_Data section_:
======
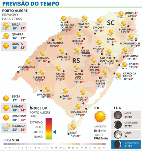 Em Caxias do Sul a temperatura oscila entre 14ºC e 23ºC, já em Ausentes as marcas variam entre 11ºC e 20ºC e em Vacaria entre 12ºC e 22ºC. Em Porto Alegre, o dia terá variável de sol e chuva, com máxima de 27ºC e mínima de 19ºC.
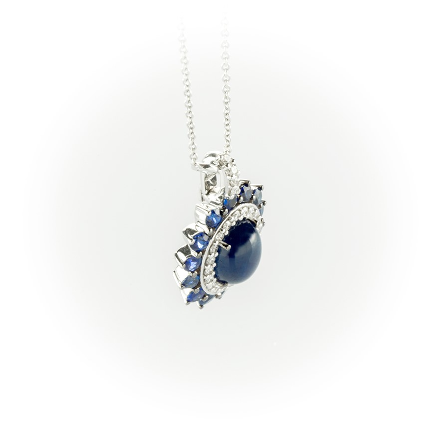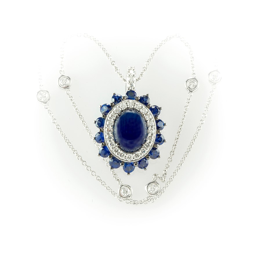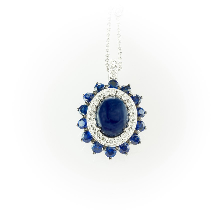 Girocollo Recarlo in oro bianco con cabochon di zaffiri, diamanti bianchi taglio brillante e contorno di zaffiri taglio rotondo. Sottile catenina in oro bianco regolabile su più misure impreziosita da diamanti taglio brillante.
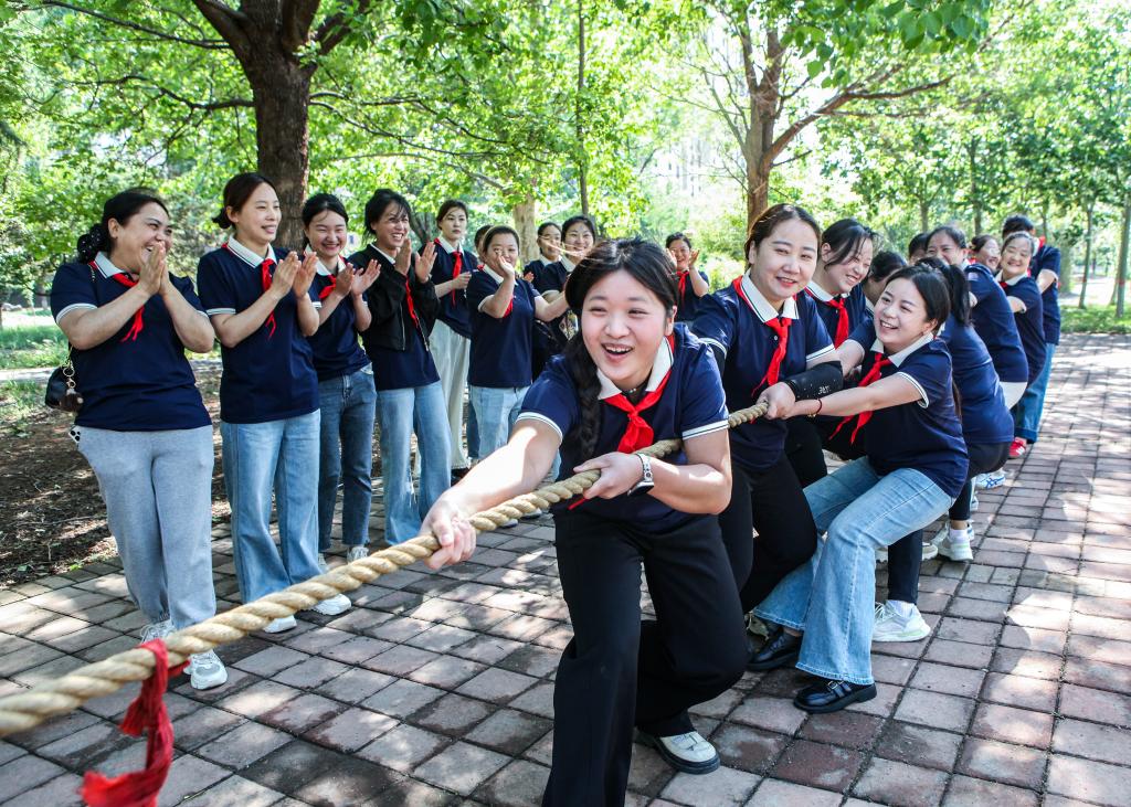 5月9日,河南省博爱县清化镇卫生院护士在“忆童年”主题趣味运动会上拔河。
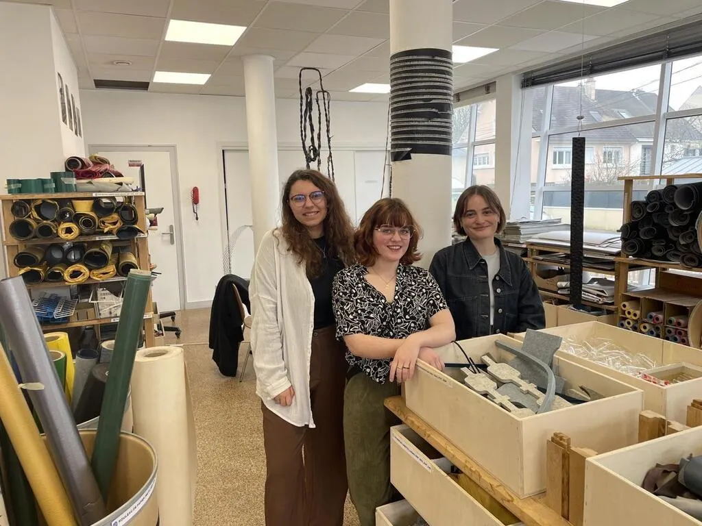 Bettina Laouar, chargée de communication à l’École supérieure d’art et de design TALM, Victoria Kawohl, responsable de la Chutothèque du Mans, et Léa Le Moulec, chargée de coordination des projets à l’ESAD TALM, veillent à ce que les chutes industrielles trouvent une seconde vie. © Ouest-France
======
_Requirement_: Transcribe the data word for word, with no images.

_Response area_:
 Em Caxias do Sul a temperatura oscila entre 14ºC e 23ºC, já em Ausentes as marcas variam entre 11ºC e 20ºC e em Vacaria entre 12ºC e 22ºC. Em Porto Alegre, o dia terá variável de sol e chuva, com máxima de 27ºC e mínima de 19ºC.
 Girocollo Recarlo in oro bianco con cabochon di zaffiri, diamanti bianchi taglio brillante e contorno di zaffiri taglio rotondo. Sottile catenina in oro bianco regolabile su più misure impreziosita da diamanti taglio brillante.
 5月9日,河南省博爱县清化镇卫生院护士在“忆童年”主题趣味运动会上拔河。
 Bettina Laouar, chargée de communication à l’École supérieure d’art et de design TALM, Victoria Kawohl, responsable de la Chutothèque du Mans, et Léa Le Moulec, chargée de coordination des projets à l’ESAD TALM, veillent à ce que les chutes industrielles trouvent une seconde vie. © Ouest-France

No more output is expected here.